In the era of globalisation, where priorities for every business are set to become bigger and more powerful, companies try to move from their domestic markets to increase their competitive advantage and build their strength by merging with other companies, in order to benefit from economies of scale. This report investigates thoroughly the changes that occurred in the financial service sector, with a particular attention to the changes in the market structure. It also explains the rationale for the cross border restructuring that has been taking place recently by describing and clarifying the major forces and processes in external environment. The connections between these forces and the changes generated by them are drawn in this paper as well. This study concentrates on EU15 countries (1995 enlargement) but the main focus will be on Germany, Spain, Italy, United Kingdom and Netherlands where the retail banking has a significant role in the economy and is a very powerful industry. Report also includes some important examples from CEE (Central Eastern Europe) market to illustrate the growing importance of the emerging markets and the changes in the political and legal environment that helped bring them out. In order to make the report more manageable it will be time restraint to the past 10 years.

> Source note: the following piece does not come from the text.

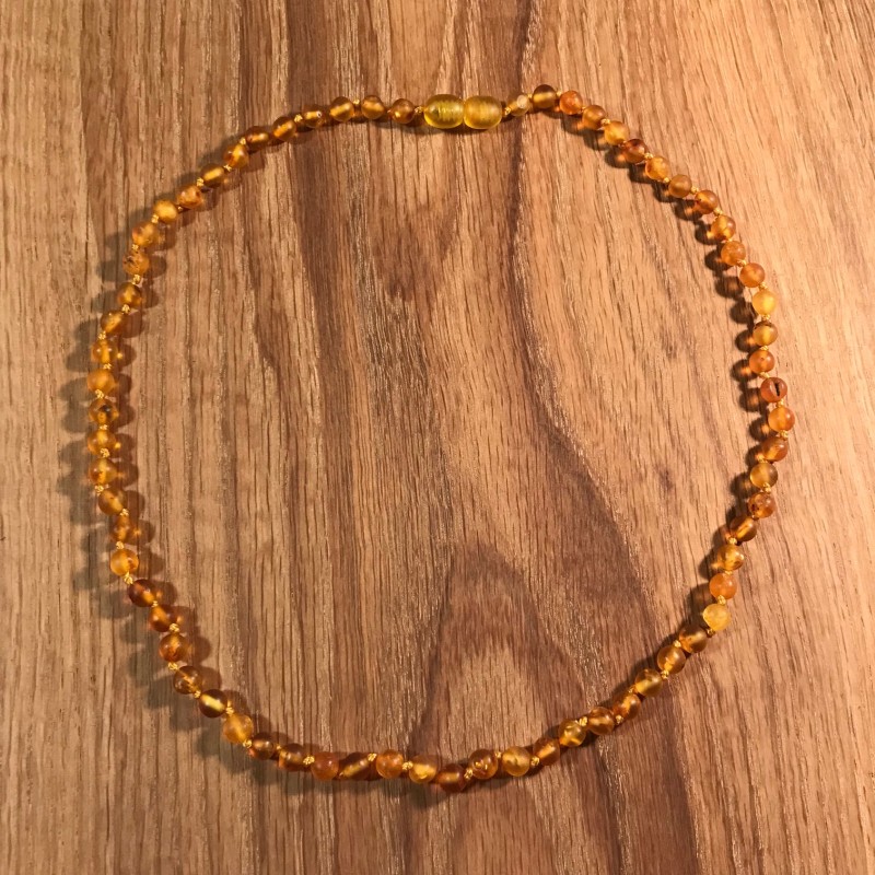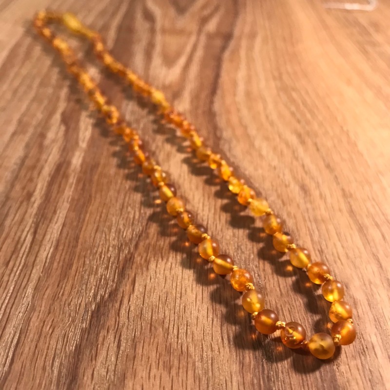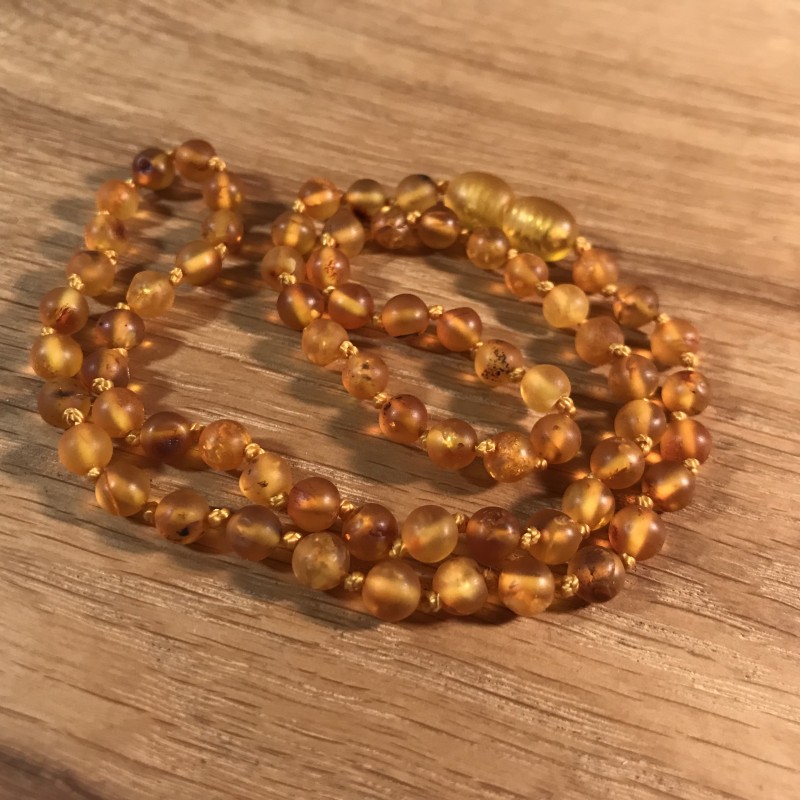 Für alle, denen naturbelassener Bernstein etwas zu grob vorkommt, ist diese Kette aus sorgfältig geschliffenen und nur leicht matt polierten ein Fund! Die Farbe der verwendeten Bernsteine ist wie heller, klarer Honig, aber die mattierte Oberfläche gibt den Oberflächen der Perlen einen besonderen und sanften Glanz. Die kleinen Perlen sind einzelnd auf das Band geknotet.

2. Size, market structure and concentration in the retail banking industry

A retail bank, for the study purpose, will be defined as a credit institution that deals directly with the customers, providing services including: mortgages, savings accounts, personal loans and credit card accounts. The retail banking in most of the European countries comprise the features of the oligopolistic competition. Oligopoly can be characterized as a form of market with few firms functioning in it. It does usually have high barriers of entry and the companies are producing a similar product. According to the European Central Bank studies (Report on EU Banking Structure, 2004, 2007) and Lipczynski, Goddard (Industrial Organisation, 2005) a sharp decline in the number of banks during last 10 years could have been witnessed. Over the same period of time number of branches has decreased, as banks have sought to rationalise their branch networks. Table 1 and 2 certifies that during the given period of time number of banks in most of the countries has reduced noticeably and beyond doubt. Although the information below is not focused on the retail sector only, but on the whole banking industry, the same trend can be noticed in the retail banking.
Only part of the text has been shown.